Ein letztes Mal Redwood.. und was soll ich sagen, ich glaube diese beiden Charaktere waren der krönende Abschluss, denn sie haben mir so gut gefallen. Ich lasse Redwood jetzt sehr gerne gehen!!

Parker ist Sheriff der Kleinstadt Redwood und damit einer der bekanntesten und geschätzten Männer der Stadt und dennoch hat er seine bessere Hälfte bisher nicht gefunden. Es geht sogar soweit, dass er sich schon wünscht, von dem Drachentrio verkuppelt zu werden. Aber anscheinend machen selbst die einen Bogen um ihn. Doch dann taucht Maddie auf. Ein Mädchen, das er schon damals während der Highschool gemieden und verabscheut hat. So sehr wie noch nie hofft er jetzt, dass er nicht auf dem Radar des Drachentrios ist, denn wenn ihn einer zur Weißglut bringen kann, dann ist es Madride Freemont.

Das Cover passt sehr gut zu denen der anderen Bände. Es greift auf der einen Seite den Flair und die Atmosphäre auf, sodass man schon mit dem ersten Blick weiß, das man sich nur wohlfühlen kann. Gleichzeitig greift es auch ein Pärchen auf, sodass man schon vor dem Lesen weiß, was auf einen zukommen kann und man eine kleine Vorstellung der beiden bekommt. Ich mag diese Art der Gestaltung immer sehr gern.
Auch dieser Band greift wieder die typische Redwood-Atmosphäre auf. Es ist eine Kleinstadt, die den Leser ein Gefühl von zuhause gibt. Die Kleinstadt hat ihre typischen Feste und Abläufe. Sie unterstützen sich gegenseitig und stehen für einander ein. Doch diesmal lernt man Redwood noch aus einer anderen Perspektive kennen. Trotzdem man auch die negative Seite kennenlernt, hat man sich in Redwood gleich wieder zuhause gefühlt.
Die beiden Charaktere hat Kelly Moran sehr gut gewählt. Parker mochte ich schon in den anderen Bänden super gern. Ich mag seine draufgängerische und humorvolle Art. Er ist der Sunnyboy der Stadt. In den ersten drei Bänden, wo es um die Tierarzt-Brüder geht, tritt Parker bei einigen Sportwettkämpfen auf. Ich fand es sehr schade, dass diese weder im ersten Redwood Dreams noch im zweiten aufgegriffen wurden. So ging die Beziehung zu den ersten drei Pärchen der Reihe leider unter.

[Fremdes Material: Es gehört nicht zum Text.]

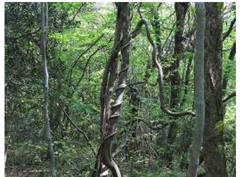
10:49 ラセン状に絡まるツタ

Maddie hab ich von der ersten Seite gleich in mein Herz geschlossen. Ihre Geschichte hat mich tiefberührt. Es war etwas ganz neues für mich und ich fand es gut, wie Kelly Moran sowohl den Charakteren als auch die Stadtbewohner handeln lassen hat. Es war alles mehr als stimmig.
Auch die Beziehung zwischen den beiden hat mir sehr gut gefallen. Es wurde sehr deutlich, dass Parker ein Sunnyboy ist, da er sich trotz allen Erfahrungen in der Vergangenheit für Maddie eingesetzt hat. Er war sehr liebevoll und man hat durch die Geschichte über ihn eine ganz neue Seite kennengelernt. Ich finde es sehr authentisch, wenn man einen anderen Umgang mit seinem Partner hat, als mit anderen Freunden, weil das im echten Leben auch so wäre. Genau das hat mir hier gut gefallen. Er ist der Sheriff und wird von allen respektiert. Er ist ein Draufgänger und trotzdem ist er Maddie gegenüber immer nur liebevoll gewesen, hat sich für sie interessiert und eingesetzt.

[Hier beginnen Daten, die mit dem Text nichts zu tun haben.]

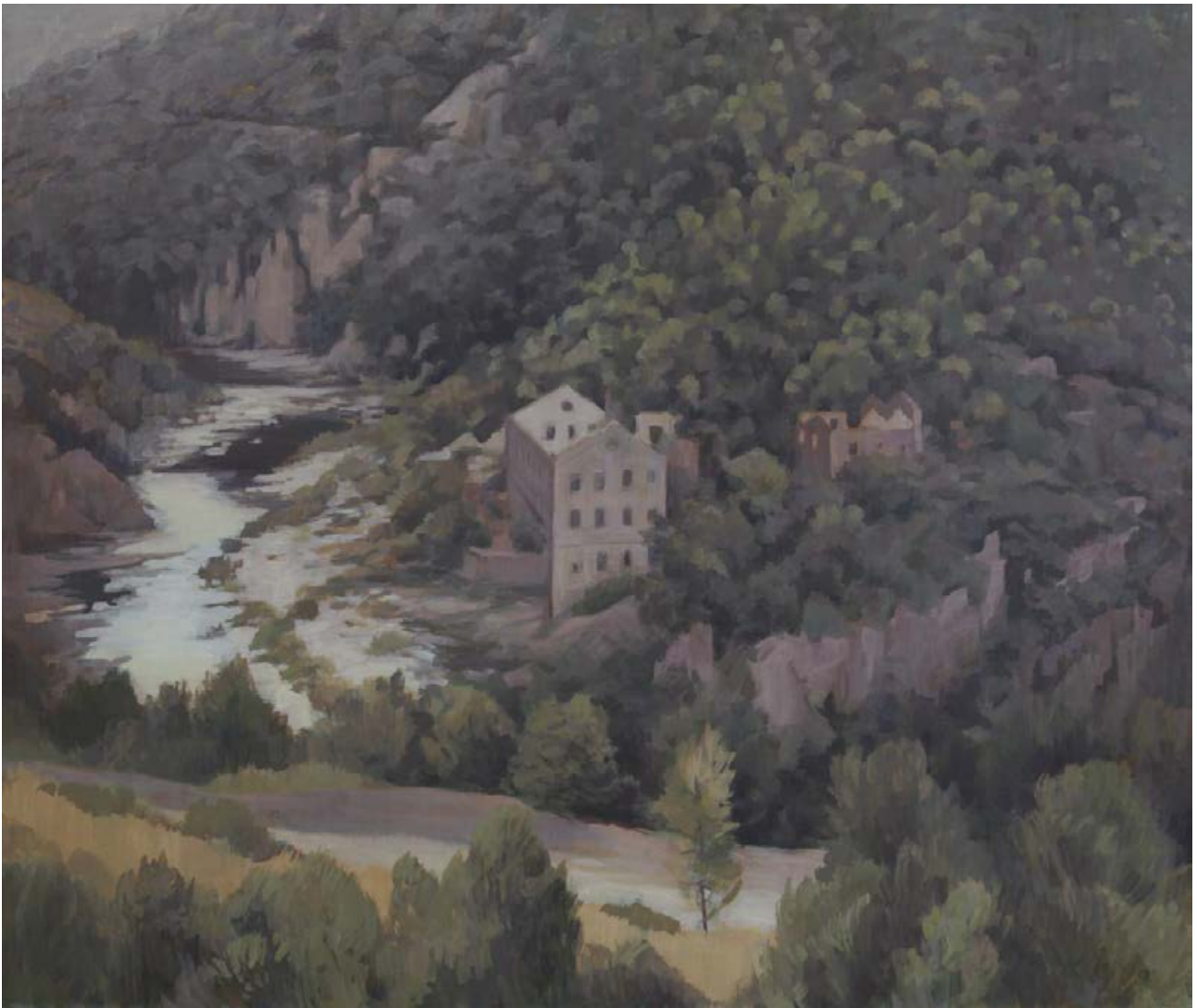
Fabrik im Tal 2008, 130 x 110 cm Mischtechnik auf Leinwand

Wie in allen Redwood Büchern endet es einfach nach dem Happy End und ich hätte mir noch 1-2 Kapitel gewünscht, indem man merkt, dass sie alles dem Guten gewendet hat, da das Ende sich sonst so plötzlich anfühlt.

Insgesamt habe ich dieses Buch sehr gern gelesen und es gehört zu einem meiner liebsten Büchern der Redwood-Serie.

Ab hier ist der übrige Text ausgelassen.